→ What you will do:
Find the line containing "лик всегда остаётся" in the entries below. Restate it and each line after it, word for word, up to and including the line containing "From Barnard Castle".

→ Dataset content:

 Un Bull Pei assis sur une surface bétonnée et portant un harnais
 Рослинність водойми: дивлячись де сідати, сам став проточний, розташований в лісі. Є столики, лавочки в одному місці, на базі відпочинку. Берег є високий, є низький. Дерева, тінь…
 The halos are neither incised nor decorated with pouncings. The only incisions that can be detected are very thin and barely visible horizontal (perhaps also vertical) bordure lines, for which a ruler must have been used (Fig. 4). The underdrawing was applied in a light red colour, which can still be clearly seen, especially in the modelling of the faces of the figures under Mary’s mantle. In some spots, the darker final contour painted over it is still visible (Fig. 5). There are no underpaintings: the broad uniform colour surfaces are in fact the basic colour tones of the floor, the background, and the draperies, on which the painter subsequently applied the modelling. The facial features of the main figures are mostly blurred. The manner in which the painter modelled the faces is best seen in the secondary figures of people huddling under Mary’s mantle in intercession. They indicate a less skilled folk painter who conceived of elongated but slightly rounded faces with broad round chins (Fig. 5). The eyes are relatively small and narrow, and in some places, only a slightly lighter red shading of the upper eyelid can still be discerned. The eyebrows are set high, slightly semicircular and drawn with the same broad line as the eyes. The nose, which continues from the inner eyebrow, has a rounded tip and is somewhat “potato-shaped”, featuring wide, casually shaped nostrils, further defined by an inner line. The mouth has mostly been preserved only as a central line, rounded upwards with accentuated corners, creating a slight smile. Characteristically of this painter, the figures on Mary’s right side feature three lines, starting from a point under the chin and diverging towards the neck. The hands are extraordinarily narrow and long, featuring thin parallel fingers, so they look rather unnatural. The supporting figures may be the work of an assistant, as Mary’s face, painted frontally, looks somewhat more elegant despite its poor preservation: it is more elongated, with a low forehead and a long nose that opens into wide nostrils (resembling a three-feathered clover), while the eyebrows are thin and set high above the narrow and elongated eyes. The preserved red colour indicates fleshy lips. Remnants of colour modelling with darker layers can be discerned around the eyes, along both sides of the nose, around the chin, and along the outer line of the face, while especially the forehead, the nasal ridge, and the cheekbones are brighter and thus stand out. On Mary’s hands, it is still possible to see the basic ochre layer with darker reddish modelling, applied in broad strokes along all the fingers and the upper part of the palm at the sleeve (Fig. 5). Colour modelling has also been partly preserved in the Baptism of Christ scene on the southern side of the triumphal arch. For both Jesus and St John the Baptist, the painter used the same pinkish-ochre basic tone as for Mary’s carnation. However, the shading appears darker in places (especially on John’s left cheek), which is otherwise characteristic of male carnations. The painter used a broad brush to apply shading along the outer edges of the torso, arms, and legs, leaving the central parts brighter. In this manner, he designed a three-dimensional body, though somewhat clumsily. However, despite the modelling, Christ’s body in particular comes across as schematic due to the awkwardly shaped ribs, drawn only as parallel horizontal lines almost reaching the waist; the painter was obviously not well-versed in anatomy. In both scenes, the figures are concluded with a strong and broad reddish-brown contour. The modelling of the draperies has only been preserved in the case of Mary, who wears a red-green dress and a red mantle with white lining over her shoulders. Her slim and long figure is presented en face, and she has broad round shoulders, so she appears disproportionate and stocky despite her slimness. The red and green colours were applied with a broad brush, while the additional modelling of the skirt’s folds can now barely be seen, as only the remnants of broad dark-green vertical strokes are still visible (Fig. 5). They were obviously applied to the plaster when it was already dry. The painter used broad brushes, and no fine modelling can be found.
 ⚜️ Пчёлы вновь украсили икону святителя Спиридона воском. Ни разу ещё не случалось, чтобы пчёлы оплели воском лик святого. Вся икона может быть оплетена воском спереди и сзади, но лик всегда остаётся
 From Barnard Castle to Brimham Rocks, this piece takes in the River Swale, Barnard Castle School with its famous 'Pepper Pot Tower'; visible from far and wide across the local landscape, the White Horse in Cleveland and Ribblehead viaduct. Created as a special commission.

...

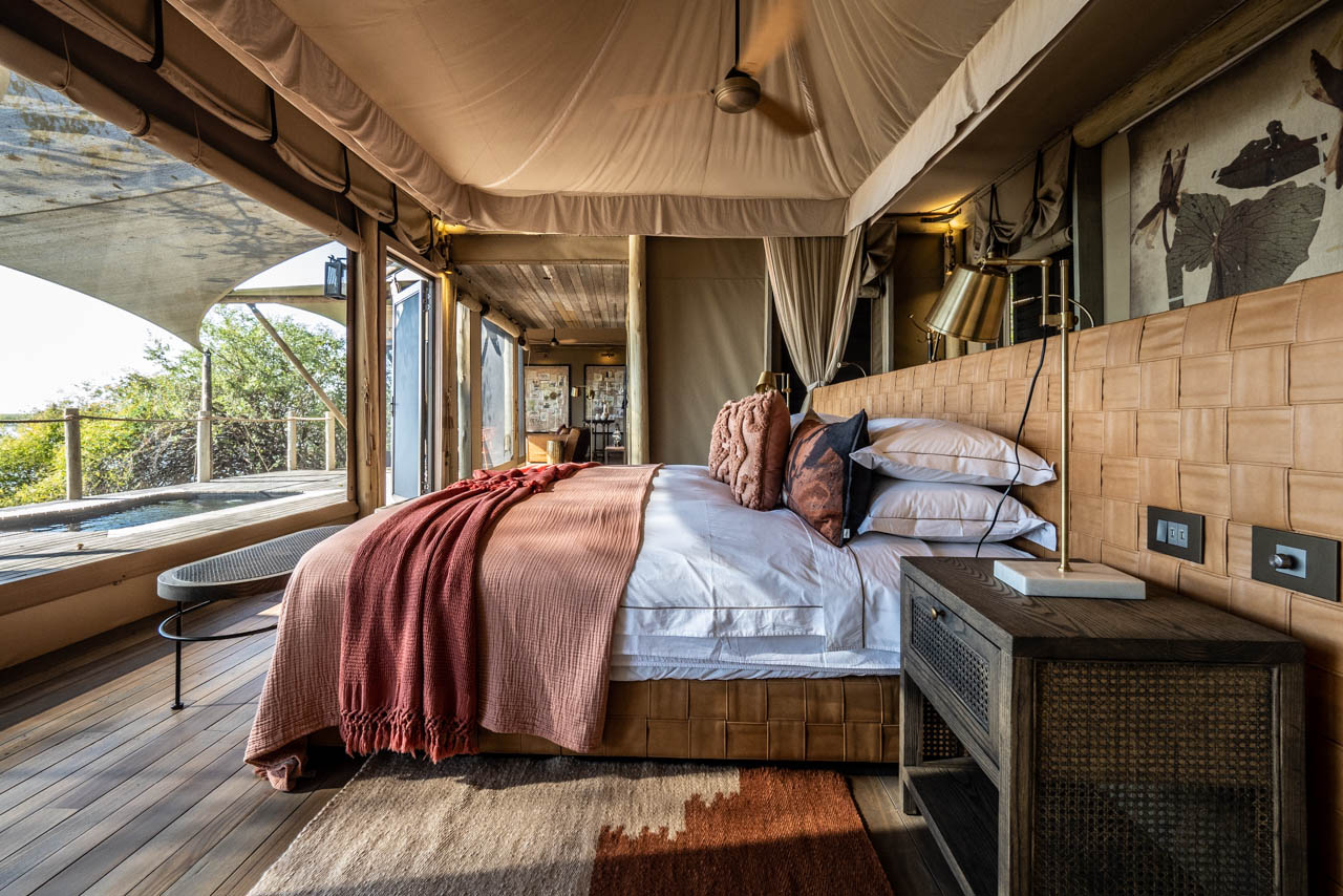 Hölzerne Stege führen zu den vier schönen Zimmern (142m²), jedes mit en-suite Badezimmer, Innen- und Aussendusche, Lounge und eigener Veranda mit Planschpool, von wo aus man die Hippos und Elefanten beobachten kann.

---

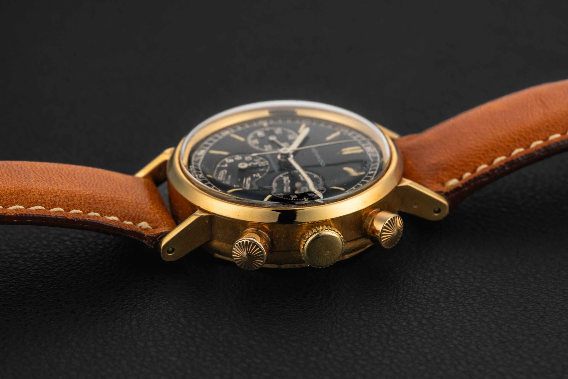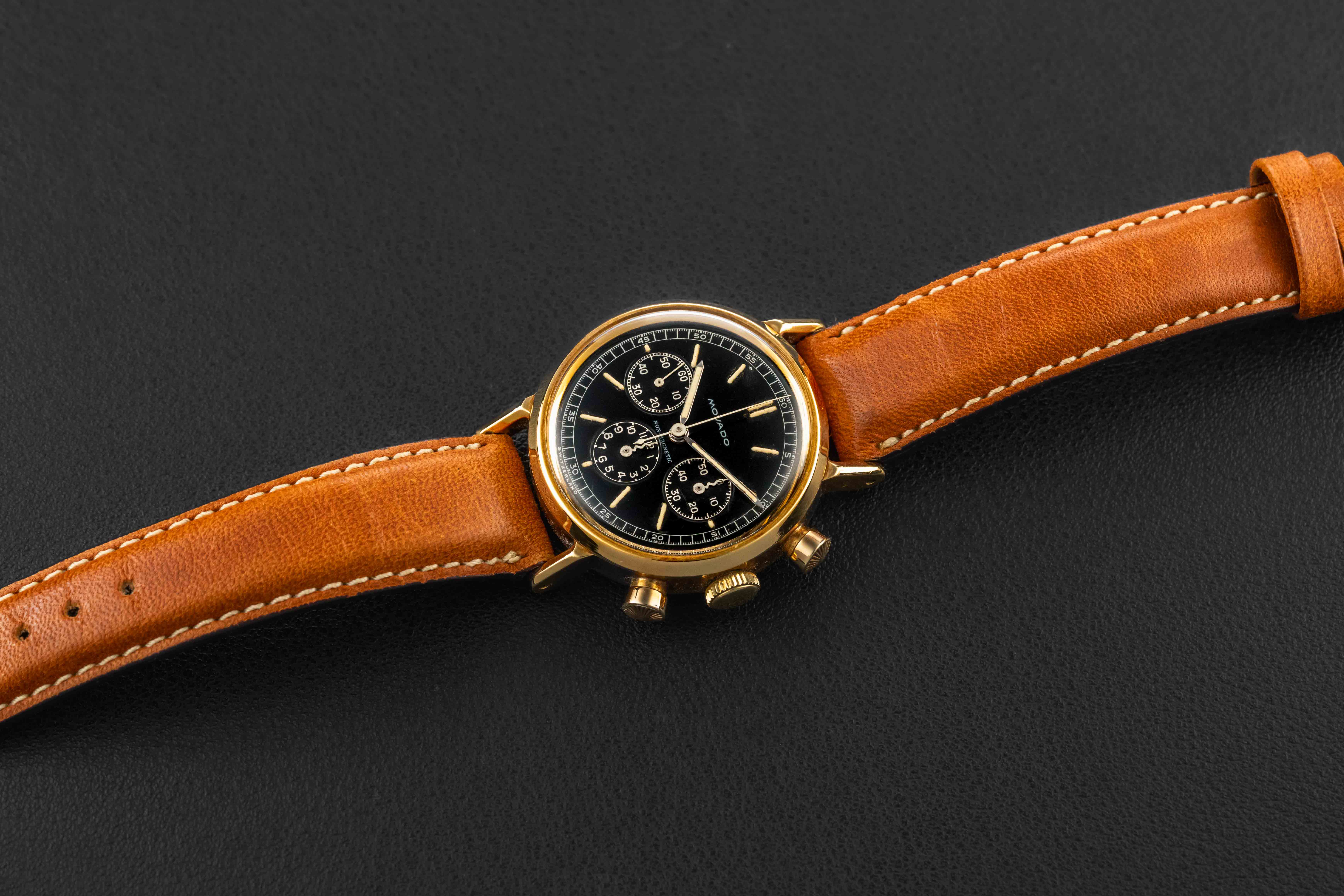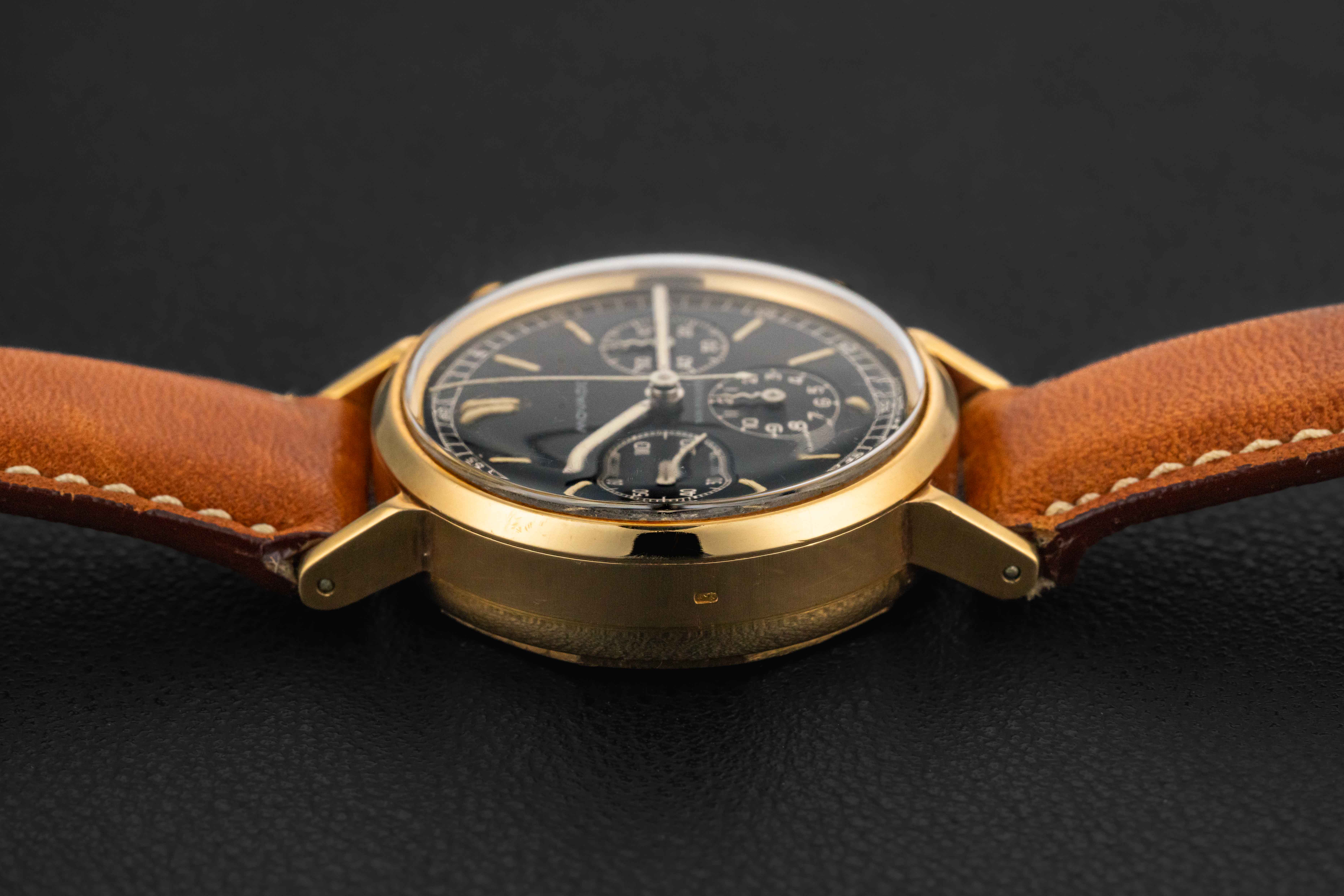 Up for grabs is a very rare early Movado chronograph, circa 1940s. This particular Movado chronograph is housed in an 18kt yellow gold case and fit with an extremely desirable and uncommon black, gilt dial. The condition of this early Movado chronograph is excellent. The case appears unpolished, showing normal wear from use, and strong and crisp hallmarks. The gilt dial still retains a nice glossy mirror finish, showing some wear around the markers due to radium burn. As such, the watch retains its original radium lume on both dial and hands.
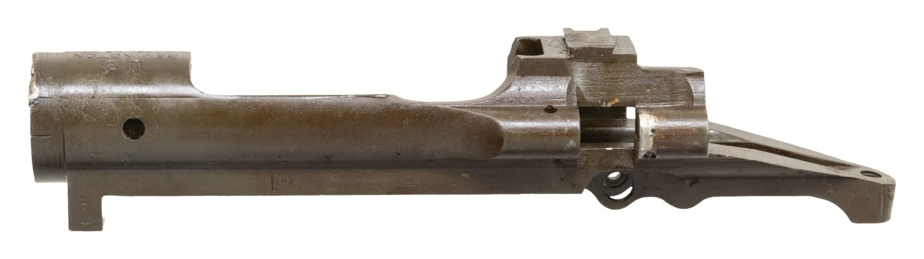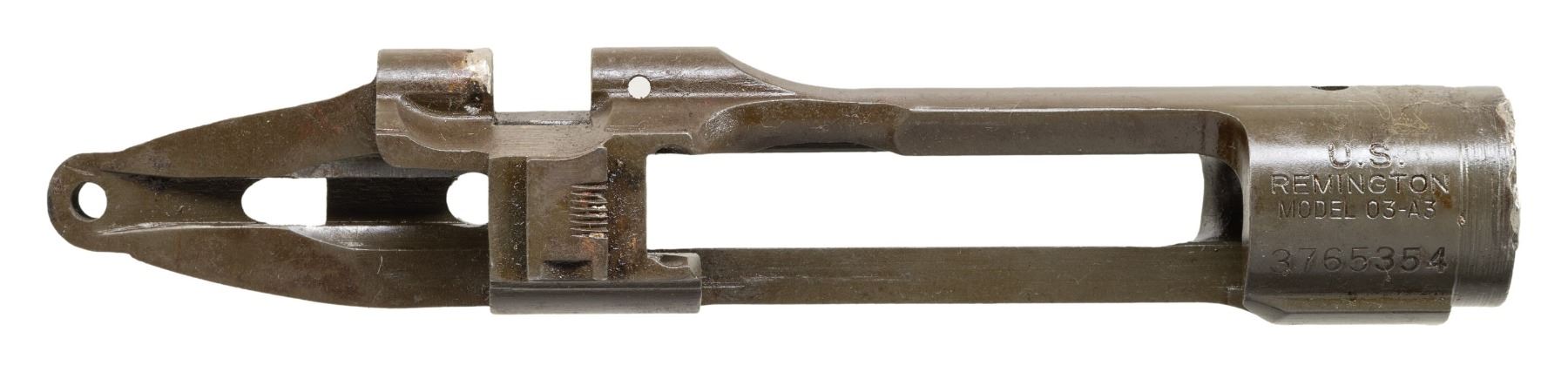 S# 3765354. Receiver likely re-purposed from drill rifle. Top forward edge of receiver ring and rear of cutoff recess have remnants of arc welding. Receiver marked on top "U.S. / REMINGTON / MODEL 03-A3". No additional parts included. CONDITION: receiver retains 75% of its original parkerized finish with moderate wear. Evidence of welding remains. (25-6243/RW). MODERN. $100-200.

→ Response to this exercise:
 ⚜️ Пчёлы вновь украсили икону святителя Спиридона воском. Ни разу ещё не случалось, чтобы пчёлы оплели воском лик святого. Вся икона может быть оплетена воском спереди и сзади, но лик всегда остаётся
 From Barnard Castle to Brimham Rocks, this piece takes in the River Swale, Barnard Castle School with its famous 'Pepper Pot Tower'; visible from far and wide across the local landscape, the White Horse in Cleveland and Ribblehead viaduct. Created as a special commission.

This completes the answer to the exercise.